PCInt de savaş sonrası ekonomik canlılık yerleştikçe ve kapitalizm istikrar kazandıkça giderek daha fazla sorunla karşı karşıya kaldığını gördü. Bordiga artık Partinin kuruluş temellerine karşı çıkmaya başlamıştı. Bu görüş ayrılıklarından biri, Bordiga'nın Parti'nin sınıfın sadece en bilinçli kesimini değil, tüm sınıfı temsil ettiği yönündeki ısrarından kaynaklanıyordu. Üç yıl süren tartışmalardan sonra Bordiga Parti'yi böldü ve taraftarları Enternasyonal Komünist Parti adını aldı. O zamandan beri birçok defa bölündüler ve şimdi de "Parti", yani işçi sınıfının gerçek temsilcisi, olduğunu iddia eden birkaç Bordigist Parti var.

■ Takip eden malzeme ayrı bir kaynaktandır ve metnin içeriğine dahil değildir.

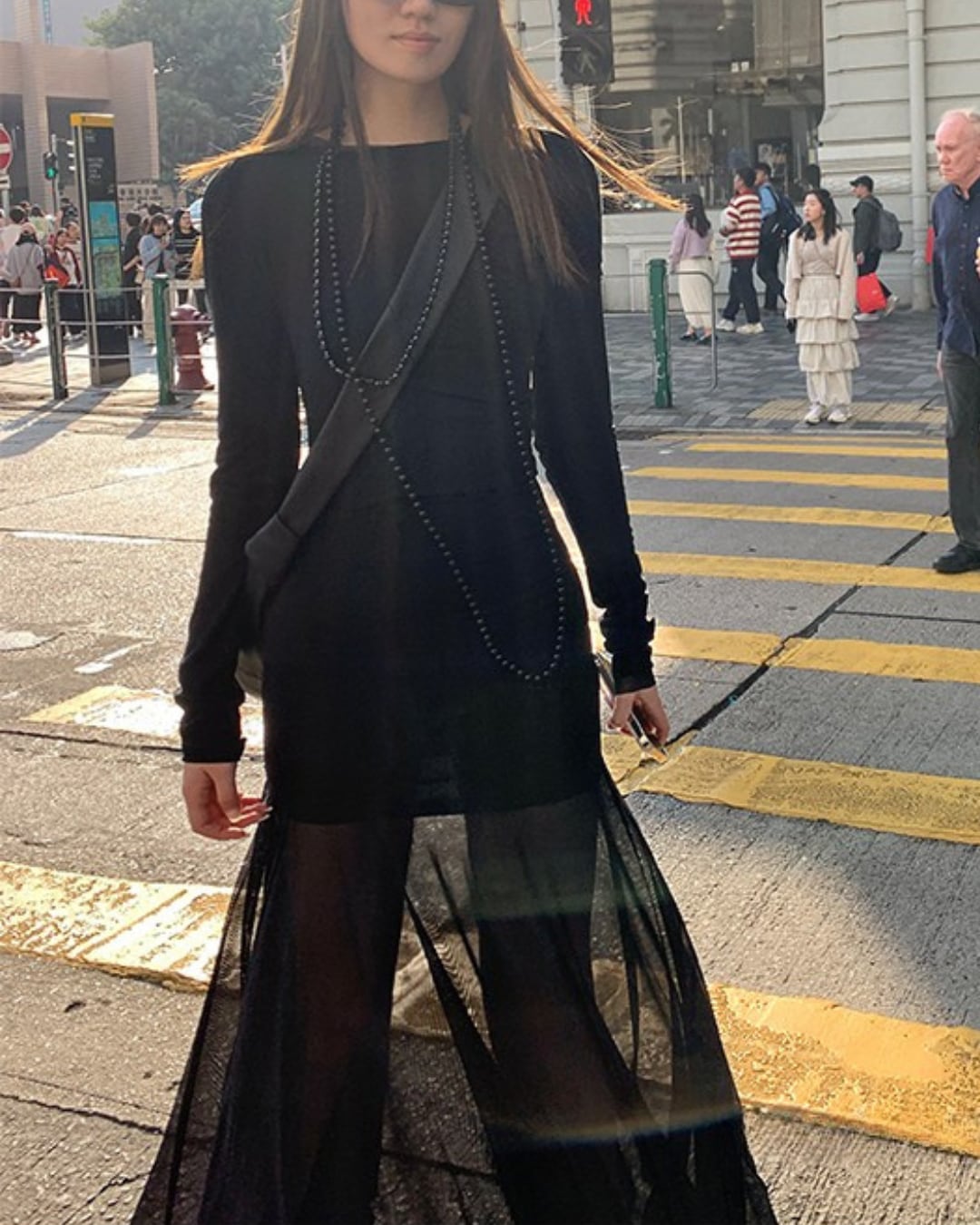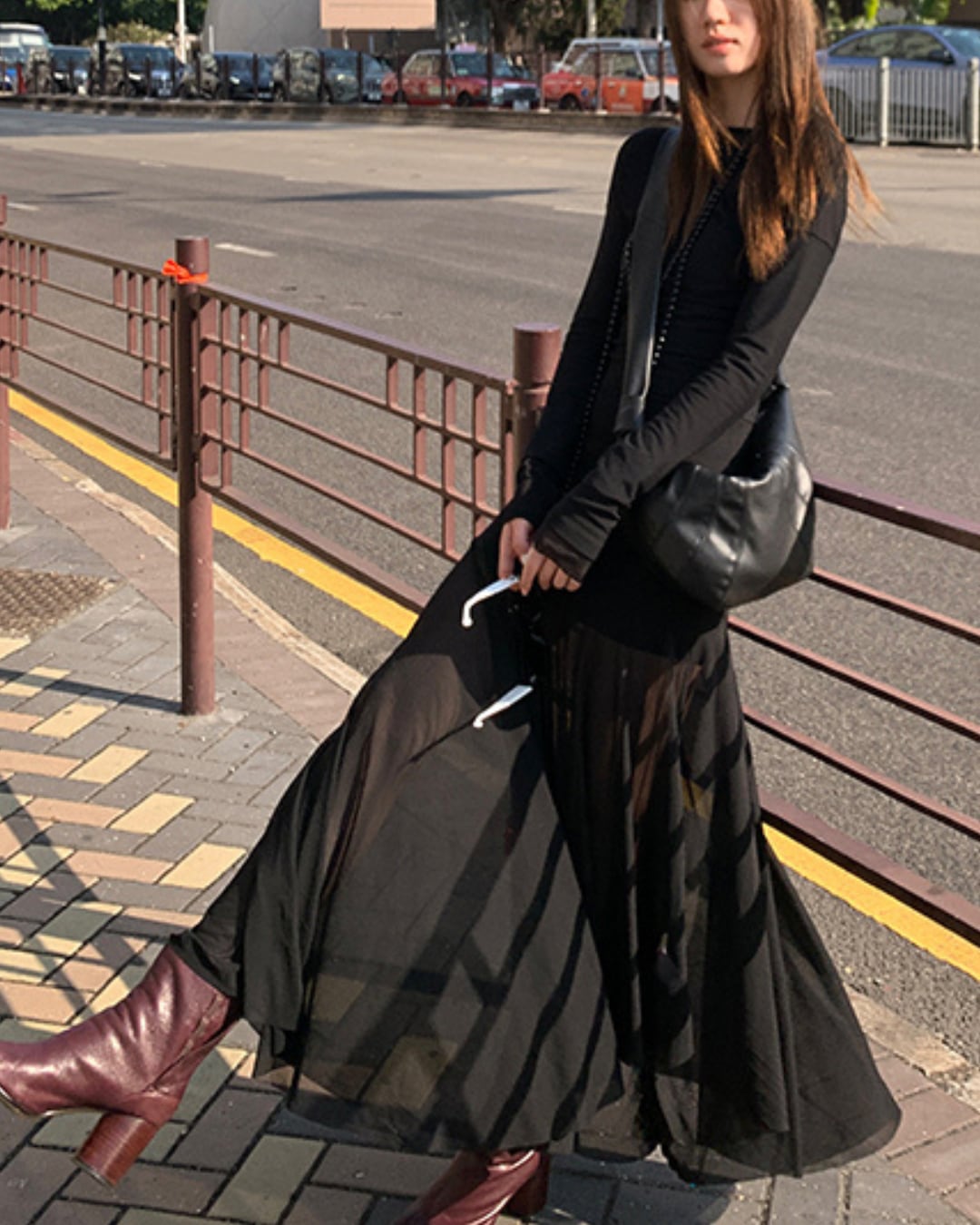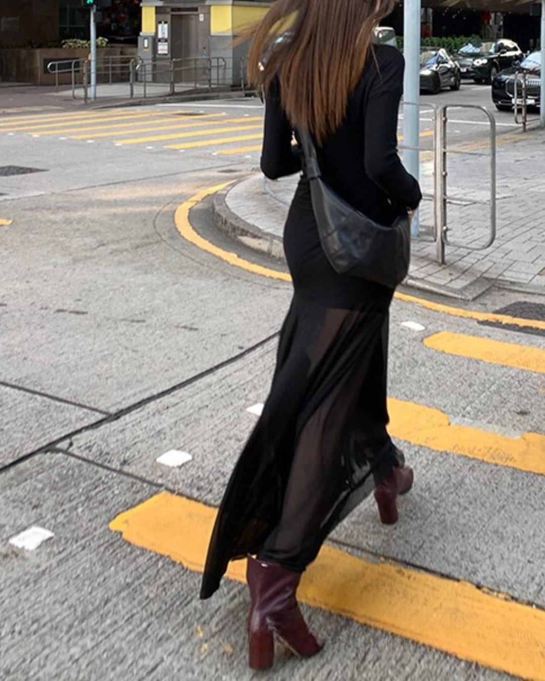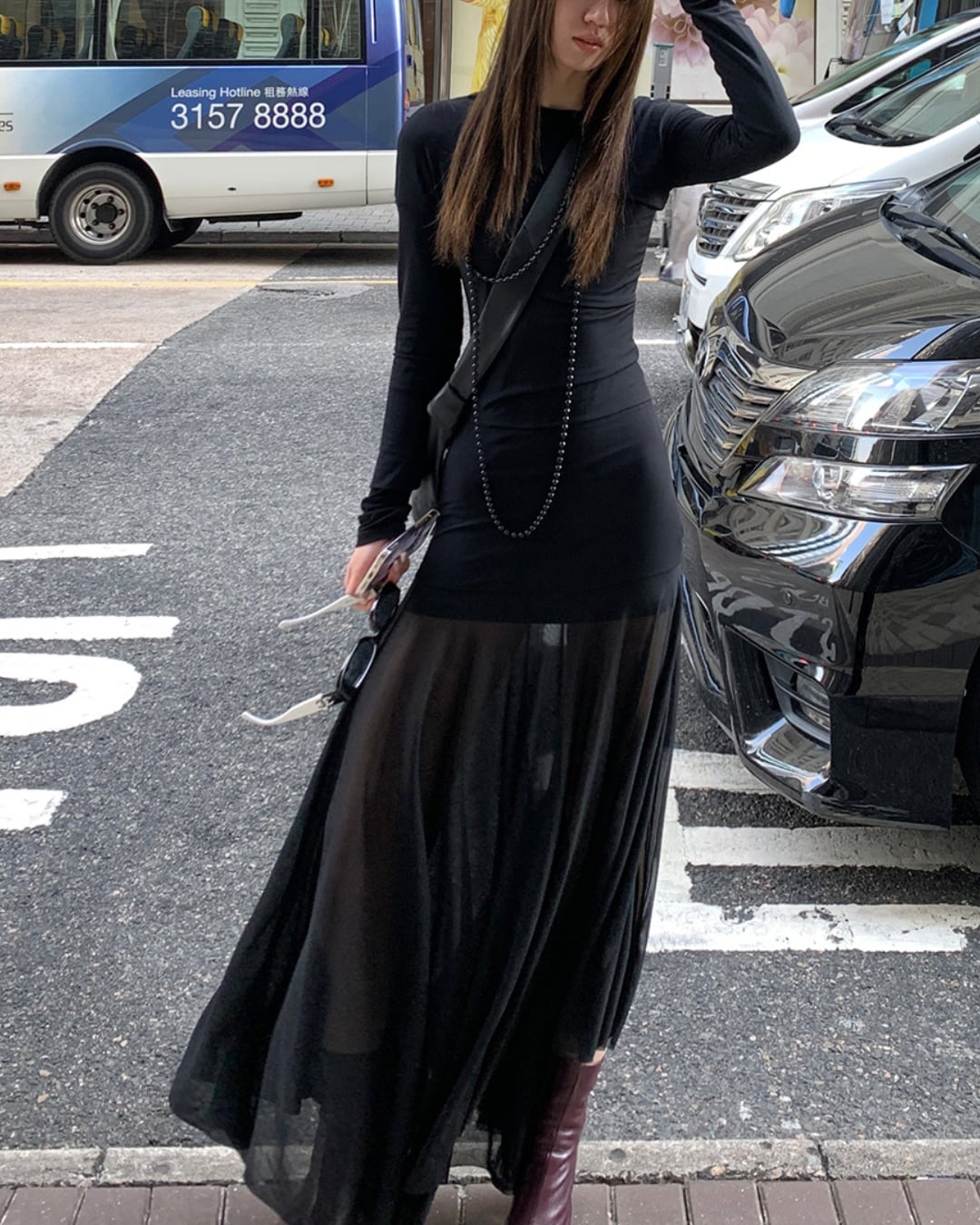 #マーメイドシルエット #異素材ミックス #シアーワンピース #大人ブラックコーデ #スタイルアップ #秋冬ワンピース

ICC 1975'te kuruldu ve İtalyan Solunun geleneğinde durduğunu iddia ediyor, ancak bu durum onların konsey komünizminin Alman ve Hollanda akımlarından eklektik bir şekilde ödünç almalarını engellemiyor. 1977'de PCInt (Battaglia Comunista) 1980'e kadar süren ilk enternasyonal konferanslar dizisini düzenledi. Bu konferansların ardından, İngiliz grup "Communist Workers' Organisation" PCInt'in pozisyonlarını giderek daha fazla benimsedi ve hatta bu iki grubun Devrimci Parti için Enternasyonal Büro’yu (IBRP, ICT'nin öncülü) kurması konusunda anlaşmaya varıldı. IBRP'nin kurulmasından önce, ICC'nin enternasyonal konferansların sınıf mücadelesine aktif siyasi müdahalelerinin koordinasyonu için devrimci gruplar arasındaki tartışma çalışmalarının bir parçasını temsil etmesi gerektiğini söyleyen yeni bir katılım kriterini kabul etmeyi reddetmesi üzerine enternasyonal konferanslar durma noktasına gelmişti. O andan itibaren IBRP ve ICC ayrı yollar izledi (gayrı resmi temaslar sürdürülse ve örneğin ICC'nin yasaklandığı Lutte Ouvrière "Fête"sinde onların yayınlarını biz satmış olsak bile).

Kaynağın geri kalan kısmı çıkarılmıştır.